7.9.7. Editing a Profile

See General usage section for inline editing.

7.9.8. Deleting a Profile

Deleting a profile removes the user’s access to the devices and deletes any PxM user account created on the device.

Once deleted the profile cannot be reinstated. The profile would have to be recreated.

To delete:

  1. On the Manage profiles page, right-click on a profile and then click Delete iconDelete within the context menu.

    Note

    If the profile contains devices, a warning appears. Click Continue.

  2. Within the Question window, click Yes.
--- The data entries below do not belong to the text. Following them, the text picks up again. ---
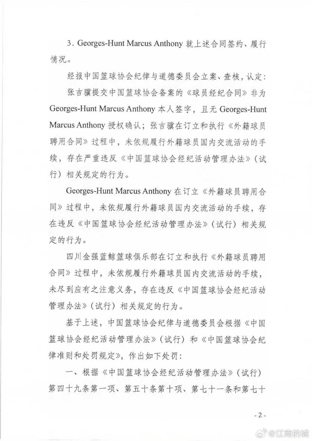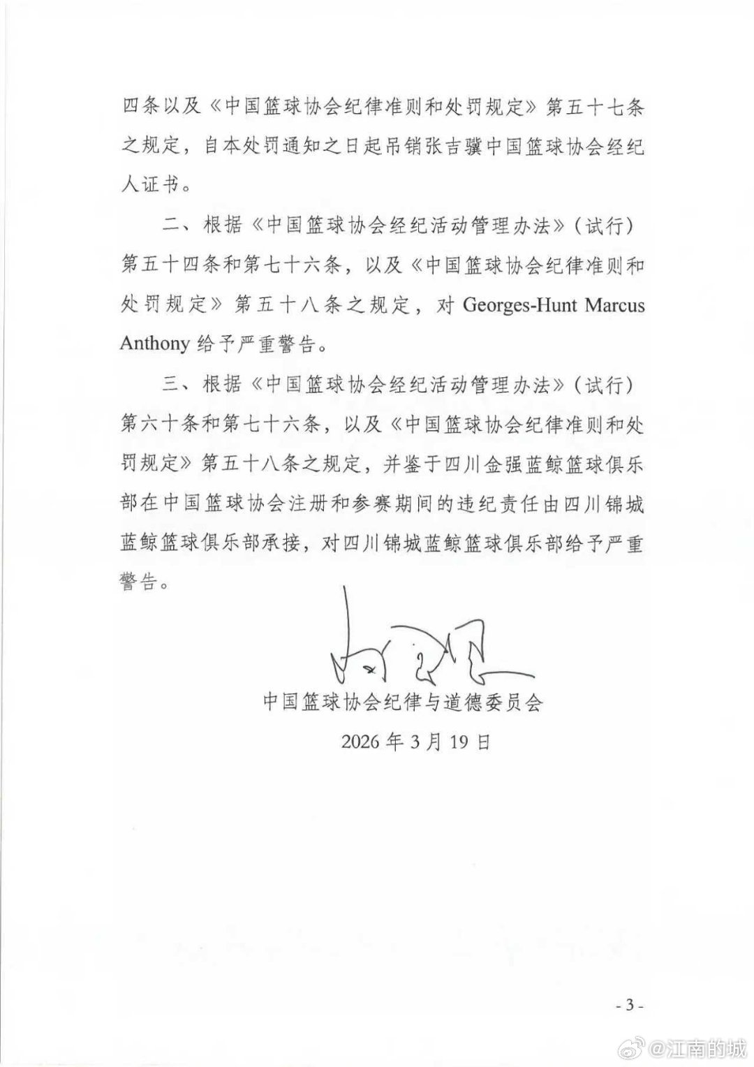 中国篮球协会纪律与道德委员会关于对张吉骥、Georges-Hunt Marcus Anthony 和四川锦城蓝鲸篮球俱乐部的处罚决定。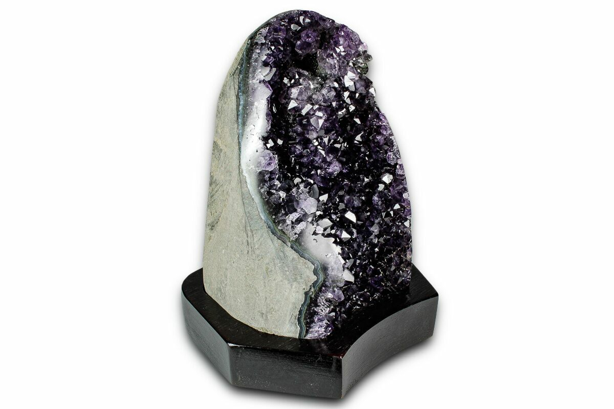 6" Deep Purple Amethyst Geode With Wood Base - Uruguay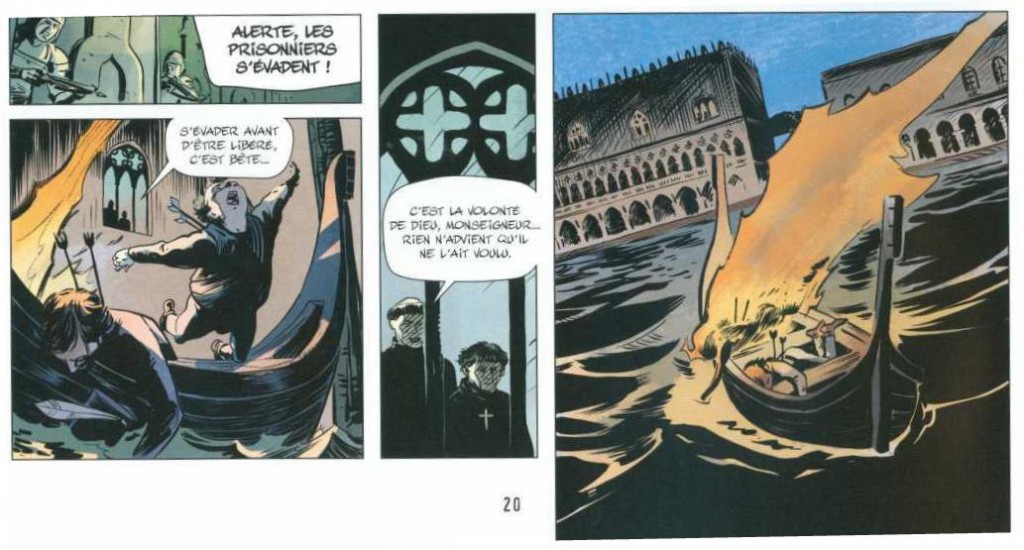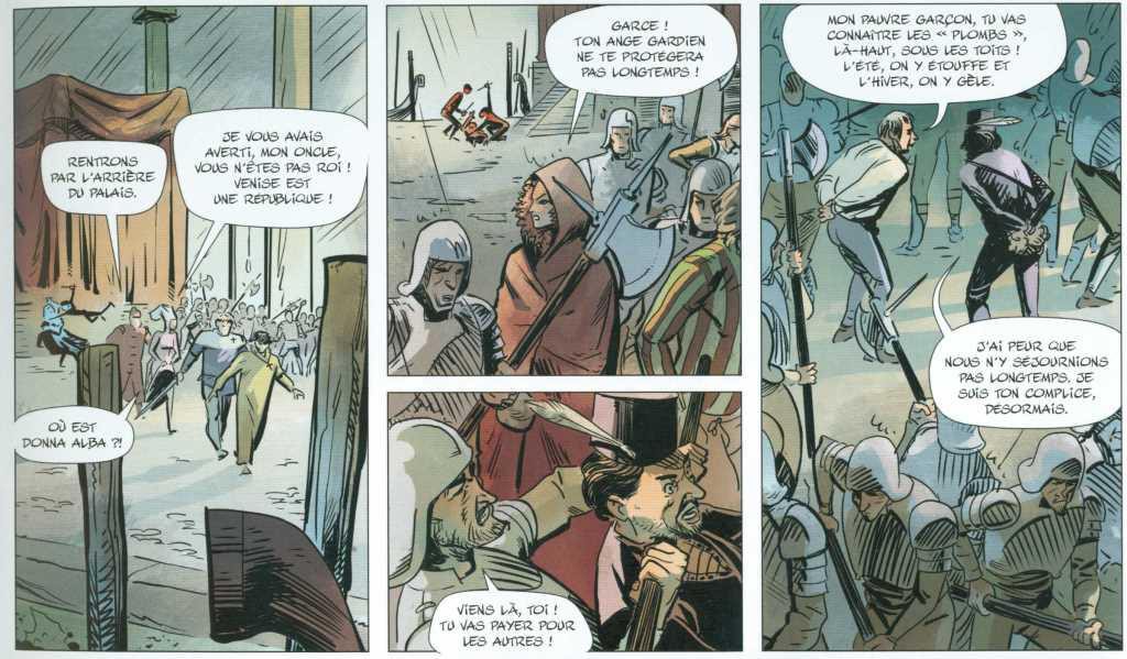 Mon avis : En général, j’aime bien la politique éditoriale de « Grand Angle » qui m’a permis de découvrir de beaux albums. En recevant cette bande dessinée, j’ai aimé la couverture qui donnait envie d’ouvrir l’album . Je suis donc parti avec un a priori positif. Sur le site internet de l’éditeur, je lis : « Une aventure de « cape et d’épée » noire et torturée dans la majestueuse Venise des Doges du XVIe siècle ». On ne peut plus être plus clair. Je remarque aussi que l’album n’est pas spécialement mis en avant. Pas de bannière à l’entrée du site…Parfois, ce genre de détail est significatif…

    During deletion, the profilescan task is run which will:

    • Disconnect users logged onto any of the devices within the profile.
    • Device and Auth Services account update task will be run to remove any accounts on the device.
    • The profile is deleted from the list and cannot be reinstated.

    Note

    Orphaning a device means that the profile being deleted is the only profile that is linked to this device’s highest level of permission. If the device only has ‘read’ and ‘readwrite’ as permissions, then this might mean that no users will have ‘readwrite’ access to manage the device.